By Sachen Gudka
The increased attention on SME growth both at a national and global scale, points to a reckoning that the future of business hinges on their success. In Kenya’s context, it seems that both Government and private sector are progressively dismantling any one-size-fits all approaches, and are instead, constantly trying to find more nuanced ways to intervene and uplift micro, small and medium businesses. This is demonstrated in some of the proposed measures in the recently read budget 2019/20, as well as, in new products and services specifically targeted for SMEs by various sectors.
The unique and dynamic nature of SMEs in the manufacturing sector calls for an adaptive approach in developing policies and interventions that most importantly centers their needs and proposed solutions in the process. Any ideas around the growth of SME businesses will only work if SMEs themselves are conspicuously involved in driving the change. Otherwise, anything else is akin to providing the wrong prescription to the right affliction or vice versa. This is perhaps why in some instances you will find a market that is brimming with financial products and services targeting SMEs but at the same time, these businesses continue to cite access to finance as their constant giant hurdle.
Does the word ‘access’ mean the same thing to all businesses across board? Absolutely not. Have we understood the ways in which different businesses, depending on their levels of growth, from start-up to medium, feel marginalized from taking part in local supply or value chains? Is there a need to interrogate their differentiated requirements at a granular level in order to make a significant difference to their growth, and ultimately the economy? Definitely.
It is quite possible to grow Start-ups and Micros to Small profitable businesses, then to Medium-sized companies with capacity to produce and supply for the local market, and ultimately to Large firms which play significant roles in the global value chains and international markets. This can only happen if we harness their innovative nature; synergize their objectives with those of industry, government, financiers and academia; and make space for a new way of imagining and shaping future businesses.

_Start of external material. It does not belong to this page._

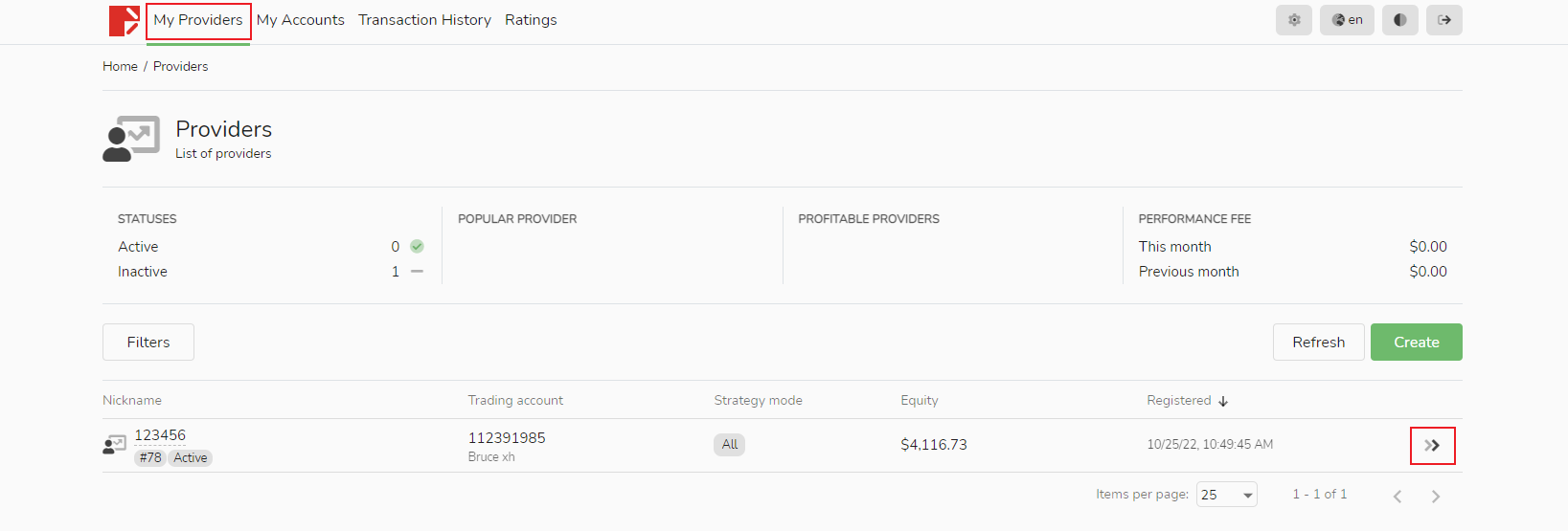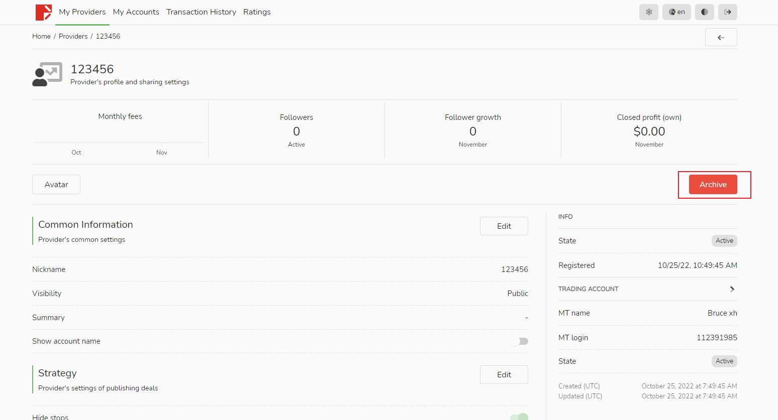 1. En la pestaña "Mis fuentes", haga clic en la estrategia de señal que desea archivar.

If we look at the current situation as pertains to the journey of businesses from Micro level to Large, it takes the familiar shape of a pyramid. The wider bottom part of the pyramid is saturated with micro businesses, but the number drops as we move up to small, medium and lastly, very few companies make it to the apex as large businesses. Reversing this trend should be our priority as a country if we are to deal with the problem of high unemployment and widening inequality gap.
There are some initiatives locally, already making headway on this front. Kenya Association of Manufacturers, for example, has now set up a Manufacturing SME Hub, specifically to uplift micro, small and medium businesses in value addition towards achieving the 15 per cent targeted growth of the sector by 2022. The Hub’s objective is to provide the necessary support through policy advocacy formulation and capacity building to help businesses move from one level to the next.
Many Micros or start-ups need incubation services. This is because they are either inundated with so much information on regulations, rules, administrative and compliance issues that they feel quite helpless and burdened from the get-go; or they have no access to information at all, and hence are susceptible to arbitrary inspections, arrests, shutdowns and unconstitutional charges. The Hub advocates for a conducive business environment for them, taking into account their specialized needs, and aims to work with government agencies and departments to develop frameworks that will nurture and encourage their growth. This is coupled with resources to offer business rescue advise and business diagnostics.
Small industries that feel stuck or are unsure on how to progress to the next level are supported through acceleration services. This means looking at strengthening their existing market linkages and building their capacity to access new markets. Medium-sized businesses will be elevated through scale-up services, enabling them to integrate into regional and international value chains. The question of sustainability here is also key. Businesses in the medium category need to build strong governance structures that will ensure global best practice to enable them move into the large category and establish global links.
This is how we invert the pyramid. Designing this type of comprehensive capacity building system reduces the barriers that curtail SMEs growth, freeing them up to innovate, provide sustainable jobs and become the engines that catalyze productivity in the manufacturing sector. Hence, we will have more businesses growing successfully through the different levels and finally more large businesses at the top.
G20 Action Plan on SME Financing states that in the past five years, SMEs in developed markets have grown by 120 per cent. This is definitely achievable for us through a deliberate focused action-plan to drive SME competitiveness and sustainability.